Incorrect practice: `(The following content is topic discussion, keep...)` ← Not allowed!
Correct practice: Output all sentences, regardless of whether they are marked for deletion

Full transcript, content suggested for deletion by AI is marked with ~~strikethrough~~ and the reason is noted. Content from the same speaker is concatenated, no line breaks per sentence.

**响歌歌** 00:00
~~Alright, right, you shouldn't hear any noise. Because I remember last time we used this there was noise, just like that psychological counseling session, um, right, this time it should be better.~~ `[Delete: Opening small talk]`

**麦雅** 00:23
~~I'll turn on this dog, okay~~ `[Delete: Opening small talk]`

**安安** 00:27
~~I'll also turn on my self-introduction.~~ `[Delete: Opening small talk]`

...

**麦雅** 04:50
Hello everyone, welcome to today's 5:15 Podcast, I'm host 麦雅.

**响歌歌** 04:58
I'm host 响歌歌.

**麦雅** 05:02
Today we have a special guest, 安安.

**安安** 05:08
Hello everyone, I'm 安安.

...

**安安** 15:32
~~When I worked at Google before~~ `[Delete: Privacy - company name]` When I worked before, I encountered a similar situation.

...

**麦雅** 49:59
~~Should we cut this segment?~~ `[Delete: Recording discussion]`

**响歌歌** 50:02
~~Hmm, let's check later.~~ `[Delete: Recording discussion]`

**安安** 50:05
~~I think we can keep it.~~ `[Delete: Recording discussion]`

...

(Full transcript continues...)

Structure Description

Section	Content	Purpose
I. Content Outline	Topic-level table	Quickly understand structure, delete entire blocks
II. Silence Segments	List of long blank segments	Delete silent paragraphs
III. Statistics	Summary of deletion counts by type	Quickly see the scale of deletions
IV. Main Text	Full transcript + inline deletion marks	View context, review sentence by sentence

Topic Identification Rules

Topic Type	Identification Method
Opening small talk	Content before the official opening ("Hello everyone")
Official opening	Paragraph starting with "Hello/Hello everyone"
Chit-chat	Discussion of personal background irrelevant to the topic
Topic discussion	Core content around the podcast topic
Recording discussion	Paragraphs discussing editing, content selection
Closing	Concluding remarks like "Alright, that's it for today"

Deletion Types

⚠️ Division of Labor Principle

Skill	Focus	Processed Content	Timestamp Granularity
`/podcastcut-content`	Content semantics	Opening, off-topic, privacy, redundancy, long silence	Sentence-level
`/podcastcut-transcribe`	Verbal error technology	Filler words, verbal errors, short pauses, half-sentence deletion	Character-level

This Skill focuses on content level: What to delete and what to keep is a semantic judgment, deleting entire sentences. Verbal error identification is technical level: Requires more fine-grained rules (repeated characters, pause patterns), using character-level timestamps.
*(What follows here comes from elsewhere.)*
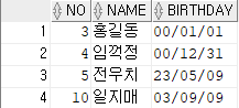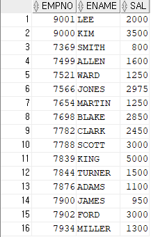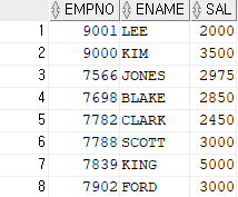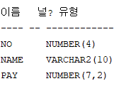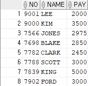 컬럼명이 NO,NAME,PAY로 변경된 것을 확인할 수 있다.
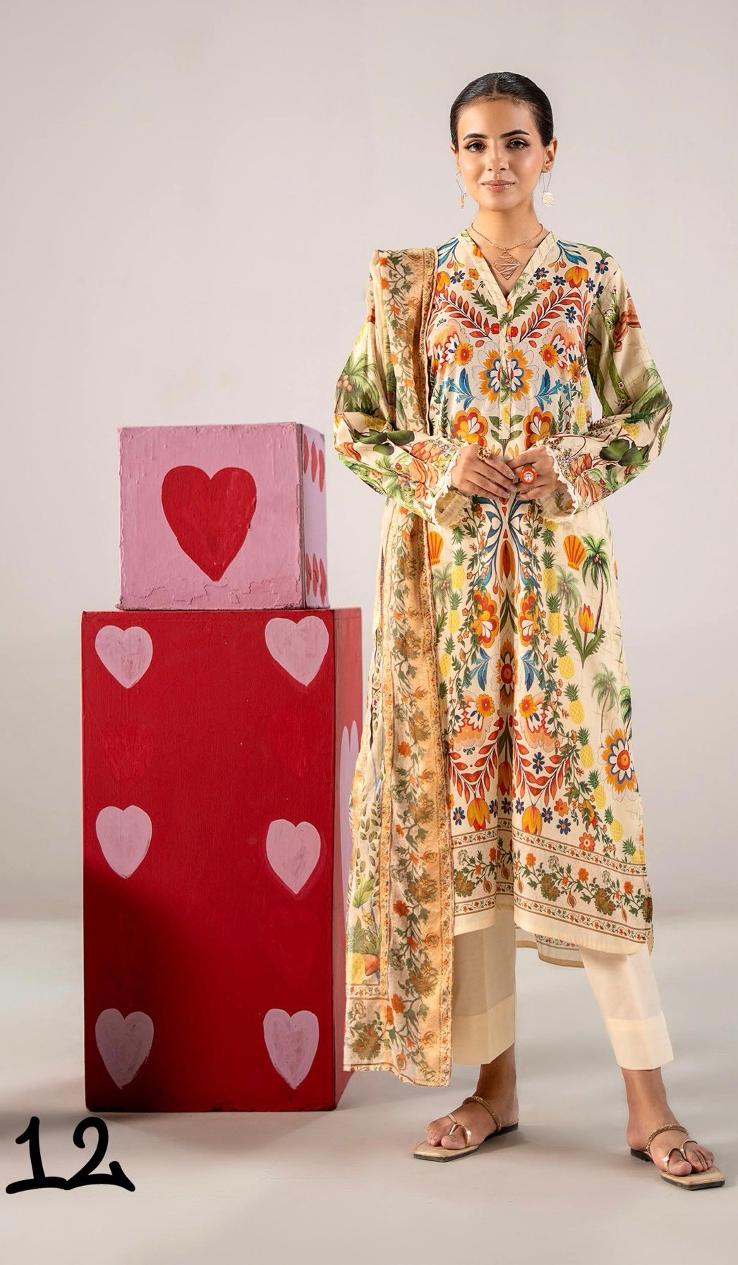 Shirt: Digital Printed Lawn – soft, breathable, and richly detailed prints for a luxurious look.

Why this division of labor?

Sentence-level transcription + speaker diarization = accurate speaker identification
Character-level transcription + speaker diarization = easy speaker misalignment (OOM for long audio, alignment difficulties after segmentation)
First delete large segments (sentence-level), then process the remaining content (character-level)

Content Deletion Types (Processed by This Skill)

Type	Mark	Example
Opening small talk	`[Delete: Opening small talk]`	"Shall we start?" "Can you hear me?"
Closing chit-chat	`[Delete: Closing chit-chat]`	"Alright, that's it" "Bye"
Recording-related	`[Delete: Recording-related]`	"Re-record this segment" "Cut this later"
Off-topic content	`[Delete: Off-topic]`	Discussion irrelevant to the topic
Redundant repetition	`[Delete: Redundant]`	Large segments repeating the same point
Privacy - company	`[Delete: Privacy - company name]`	"I work at Google"
Privacy - personal name	`[Delete: Privacy - personal name]`	"My colleague Zhang San said"
Privacy - location	`[Delete: Privacy - location]`	"I live in xxx"
Long silence	Listed separately in the second part of the review draft	Silence over 3 seconds

Verbal Error Deletion Types (Processed by /podcastcut-transcribe)

Type	Description
Fillers/modal particles	"Um", "I mean", "Then", "Right right right"
Verbal errors	Misspoken words and corrections
Short pauses	Small pauses within sentences (< 3 seconds)

Note: Long silence (≥3 seconds) is processed by this Skill, short pauses are processed by

/podcastcut-transcribe

Why not process fillers here? Identification of fillers requires more fine-grained rules (continuous repetition, pause patterns), which is technical rather than content semantic.

AI Analysis Method

⚠️ Must Use Claude for Semantic Analysis

Keyword matching is not sufficient! Rule-based methods cannot identify:

Semantic off-topic/chit-chat (no obvious keywords)
Chit-chat after guest introduction (where they live, graduation year, school conditions)
Hidden recording discussions (no keywords like "cut")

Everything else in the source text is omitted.